Bake Sausage In A Muffin Tin For A Bite-Sized Breakfast Bowl

Breakfast bowls come in all varieties, from the healthy kind made with oatmeal (here's a recipe using ingredients sourced from Trader Joe's) or fruit and yogurt (another one of our breakfast bowl recipes highlights the trendy superfruit açaí) and the perhaps slightly less nutritious but very tasty fast food kind like this sausage, egg, potato, and biscuit extravaganza from Wendy's. If you prefer a less carby, more meaty option, though, we've got a great idea for you -– and no, you won't have to go to Arby's since it's not the only one that has the meats. Instead, you can head for your supermarket freezer aisle and pick up a tube of ground sausage meat as this ingredient can be used to form the basis of a mini breakfast bowl.

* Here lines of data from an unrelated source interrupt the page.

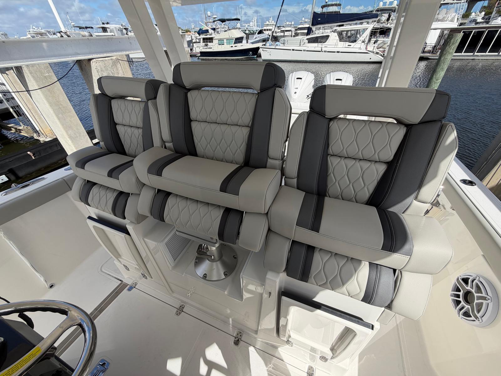 Owning the Pursuit S 358 Center Console means embracing a lifestyle of adventure, comfort, and social connection. The spacious layout allows for seamless movement around the deck, making it ideal for hosting gatherings, sunbathing, or simply enjoying the view. The advanced stabilization system ensures that everyone on board can relax without worrying about rough seas, while the powerful engines provide the thrill of speed and the confidence to explore new destinations. The air-conditioned cabin and cockpit offer a cool retreat from the sun, enhancing comfort during long days on the water.
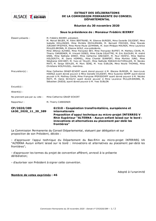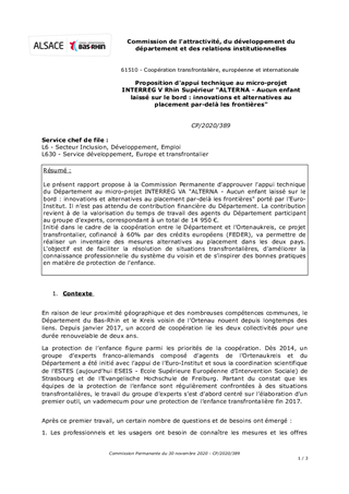 Le présent rapport propose à la Commission Permanente d'approuver l'appui technique du Département au micro-projet INTERREG VA "ALTERNA - Aucun enfant laissé sur le bord : innovations et alternatives au placement par-delà les frontières" porté par l'Euro-Institut. Il n’est pas attendu de contribution financière du Département. La contribution revient à de la valorisation du temps de travail des agents du Département participant au groupe d’experts, correspondant à un total de 14 950 €. Initié dans le cadre de la coopération entre le Département et l'Ortenaukreis, ce projet transfrontalier, cofinancé à 60% par des crédits européens (FEDER), va permettre de réaliser un inventaire des mesures alternatives au placement dans les deux pays. L'objectif est de faciliter la résolution de situations transfrontalières, d'améliorer la connaissance professionnelle du système du voisin et de s’inspirer des bonnes pratiques en matière de protection de l'enfance.
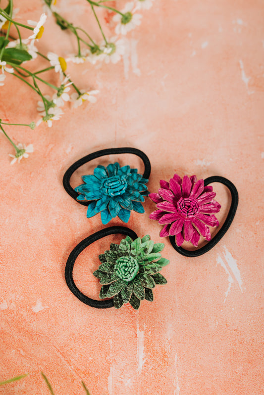 Leather Flower Hair Bobble - Turquoise (HRC 097)
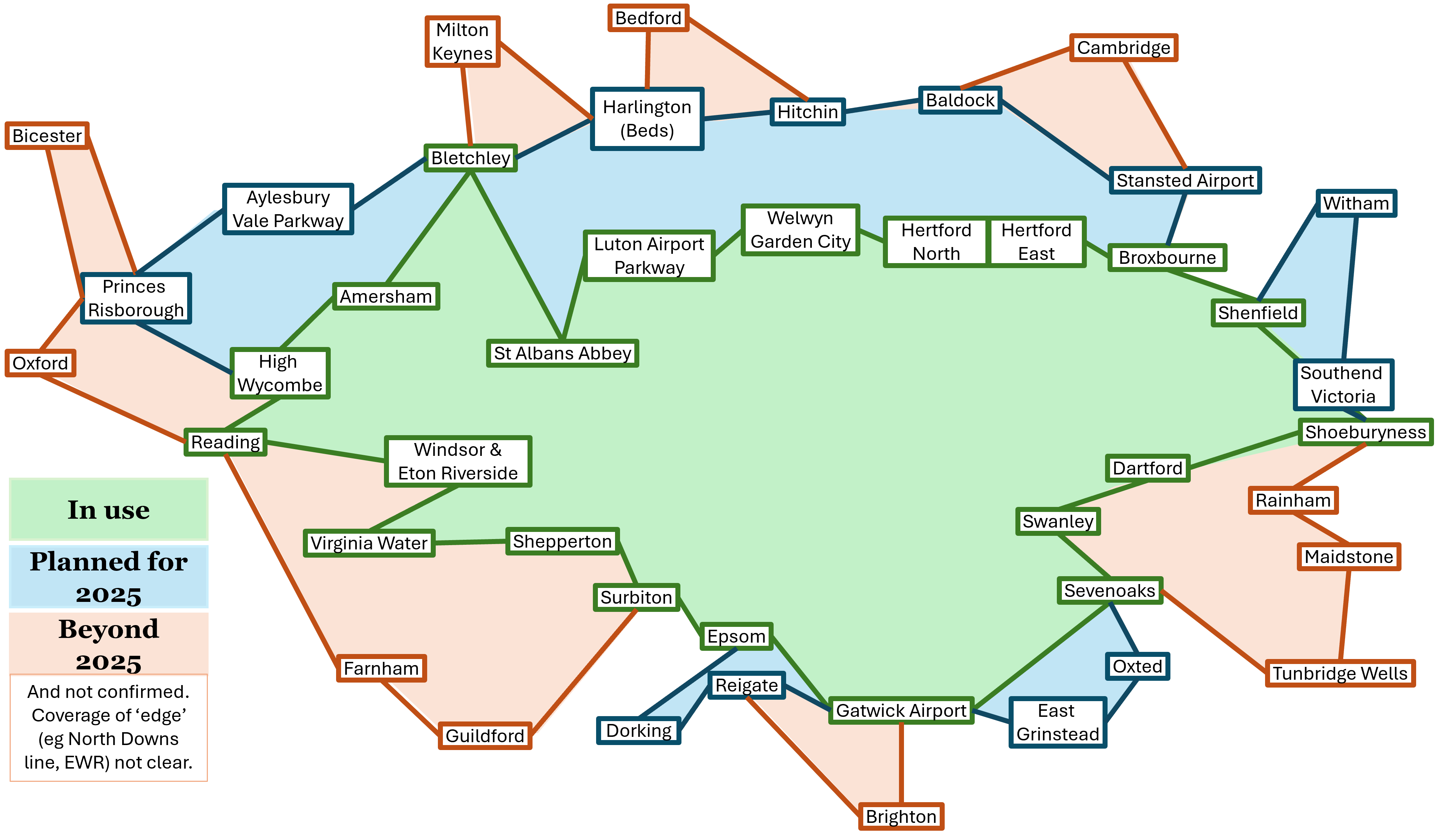F: (the final scope ~ due after 2025 and subject to change): A boundary of Bedford, Cambridge, Witham, Rainham, Maidstone, Tunbridge Wells, East Grinstead, Brighton, Guildford, Aldershot, Didcot, Oxford, Bicester and Milton Keynes, including Stevenage, Tonbridge, Three Bridges, Haywards Heath, Redhill, Woking, Wokingham, Farnham & Didcot.
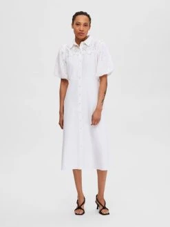 Selected Femme SLFVIOLETTE 2/4 ANKLE BRODERI DRESS B (bright White)
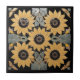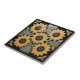 Yellow Sunflower on Black Art Deco inspired Ceramic Tile
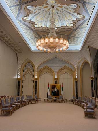 Rời Museum, chúng tôi đi thăm Qasr Al-Watan (Arabic có nghĩa là Palace of the Nation). Presidential Palace nầy được hoàn tất xây dựng năm 2017, là nơi Tổng thống làm việc, tiếp khách và hội họp, không phải chỗ ở. Đến năm 2019, Tổng thống Sheikh Khalifa bin Zayed Al Nahyan quyết định mở cửa cho du khách tham quan nhưng vẫn tiếp tục duy trì là nơi làm việc.
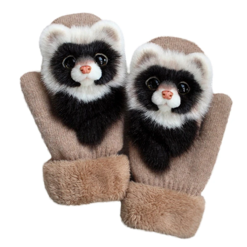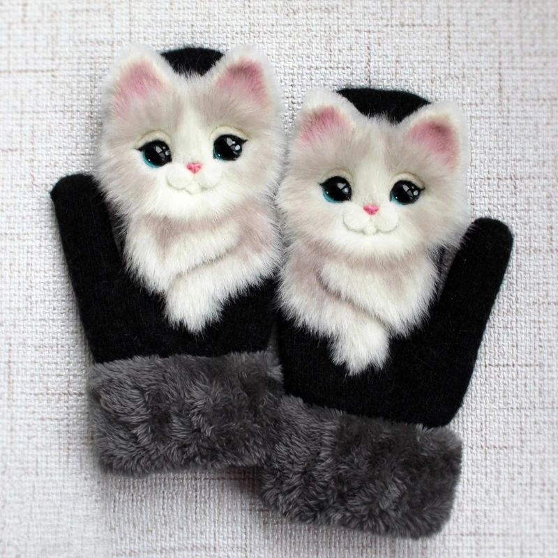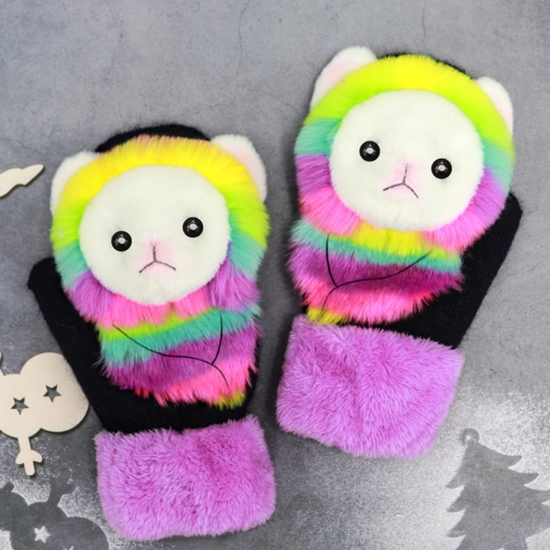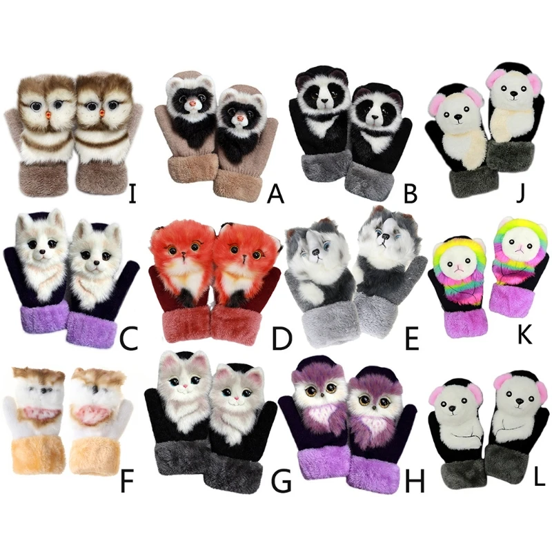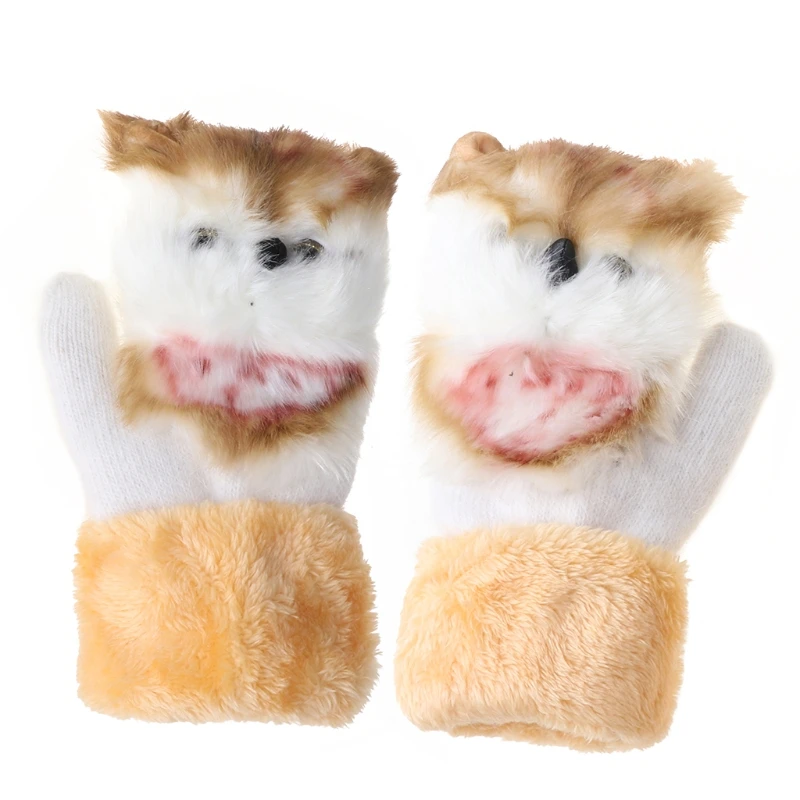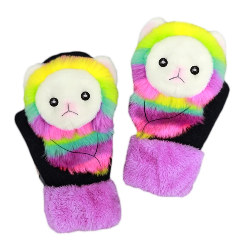 Женские и мужские зимние вязаные перчатки, милые 3D пушистые термоварежки с мультяшными животными
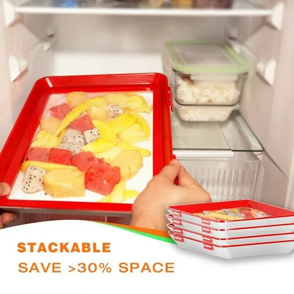 ✔ Ruimtebesparend: Je kunt meerdere Fresh Lock™-dienbladen stapelen, waardoor je kostbare ruimte in je koelkast of voorraadkast bespaart. Opbergen is nog nooit zo gemakkelijk geweest.
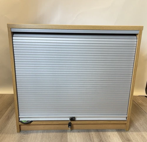 Wooden Office Storage Cabinet with Rolling Metal Door – Compact & Secure keys

Once you have the sausage, the other important component of this breakfast recipe is a muffin pan. Take your sausage (thawed, of course) and divide it up into as many balls as you have muffin cups (12, for a standard pan). Press each ball into the cup so it covers the bottom and comes up the sides, making sure to leave a generous indent in the middle. Depending on what you want in your sausage bowl, you can now either blind bake the cups (in this case, it's not a mistake if you don't add weights to this non-pastry crust) or else add the fillings before they go into the oven.

How (and when) to fill your mini sausage bowls

Eggs make a great filling for these sausage cups, and they can bake in the oven at the same time as the sausages cook. You can go one of two ways with the baked eggs -– either scramble them first or crack a whole egg into each cup. The latter will only work if you are using standard or larger-sized muffin pans, but scrambled eggs can be used to fill even mini sausage muffin cups. Add cheese and maybe some cooked potatoes, onions, or peppers (or any combination thereof), then bake the cups (or mini bowls, if you will) until the eggs are set and the sausage is completely cooked. This may take as long as half an hour at 350 F or as little as 10 minutes at 400 F, but you'll probably need to do some checking and adjust the time as necessary to determine exactly how long it will take for your particular oven, size of pan, and thickness of sausage layer.

If you decide to go eggless, you can just bake the empty sausage cups until the meat is cooked. Start checking at around 10 minutes, tacking on additional cooking time as necessary. Once the sausage is cooked, you can fill the bowls with cheese and/or cooked vegetables. The residual heat may be enough to melt the cheese, or you could put the pan back in the oven for another minute or so to help speed things along.